Festival de Karlovy Vary | Critique : A Happy Family

Niki a deux boulots, mais le peu d’argent qu’elle gagne suffit à peine à subvenir aux besoins de ses deux jeunes enfants. Un jour, alors qu’elle les laisse sans surveillance, ils mettent accidentellement le feu à la cuisine et les autorités suisses les placent dans une famille d’accueil à l’autre bout du pays. Bien qu’interdite de contacter ses enfants, Niki décide de partir à leur recherche.

A Happy Family
Suisse, 2026
De Jan-Eric Mack

Durée : 2h01

Sortie : –

Note :

INCOGNITO, BIEN DANS MA PEAU

Dans cette famille qui a effectivement l’air bien heureuse, tout débute comme il se doit, c’est à dire autour de la table du petit déjeuner où chacun s’affaire avec des sourires pourtant un tantinet nerveux. Ce portrait a priori quasi idéal n’a débuté que depuis quelques instants à peine que, d’un mouvement inattendu, la caméra nous dévoile un caillou dans ce douillet chausson : assise dans un recoin de la cuisine, une assistante sociale observe ce rituel domestique et prend des notes. Mère célibataire pleine de ressources mais précaire tout de même, Niki est fliquée jusque devant ses paquets de céréales, mais elle n’est pas du genre à laisser cela ruiner ses journées.

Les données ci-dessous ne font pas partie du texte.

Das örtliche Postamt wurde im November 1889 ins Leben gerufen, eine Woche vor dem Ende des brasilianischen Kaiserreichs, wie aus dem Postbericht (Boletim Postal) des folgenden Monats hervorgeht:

Avec son indéboulonnable sourire timide et gêné, Niki ne ressemble pas vraiment aux mères courages que l’on a l’habitude de croiser dans le cinéma social. Ca tombe bien, A Happy Family n’est pas non plus vraiment dans les codes. A l’inverse du ton angoissant (ou du moins très sérieux) attendu, le film offre une atmosphère douce-amère et gentiment chaotique, où un haussement d’épaule amusé vient répondre même aux situations les plus graves. Ce drôle d’équilibre, qui régit autant le quotidien de Niki que le scénario tout entier, prend fin rapidement alors que l’administration décide de séparer pour de bon l’héroïne de ses enfants. Ce choc pourrait réveiller la lionne en Niki, mais il réveille plutôt… l’espionne.

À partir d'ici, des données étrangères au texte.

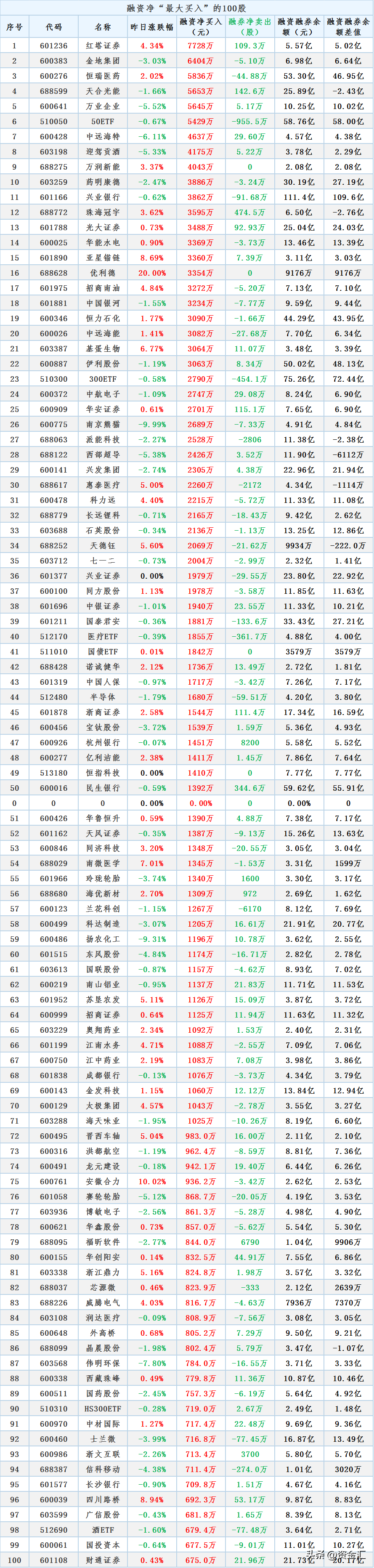个股融资融券数据,融资净“最大买入”100股,名单出炉

Une teinture, quelques mensonges et un cambriolage plus tard (une séquence qui n’aurait pas besoin de beaucoup d’effets supplémentaires pour sortir d’une comédie d’aventure), Niki part incognito à l’autre bout du pays pour retrouver ses enfants, ce à quoi elle parvient étonnamment vite, presque à mi-film. Et maintenant on fait quoi ? Une fois quasi parvenu à la ligne d’arrivée, une fois la famille heureuse à nouveau réunie, c’est comme si le scénario ne savait plus exactement quelle piste privilégier pour meubler le reste du film. La deuxième moitié du récit, où les enfants se retrouvent laissés à la périphérie des aventures sentimentales de Niki empêtrée dans sa double identité, ne possède pas toujours la charmante richesse de tons de la première,  mais elle a pour mérite de mettre en avant la performance d’Anna Schinz dans le rôle principal.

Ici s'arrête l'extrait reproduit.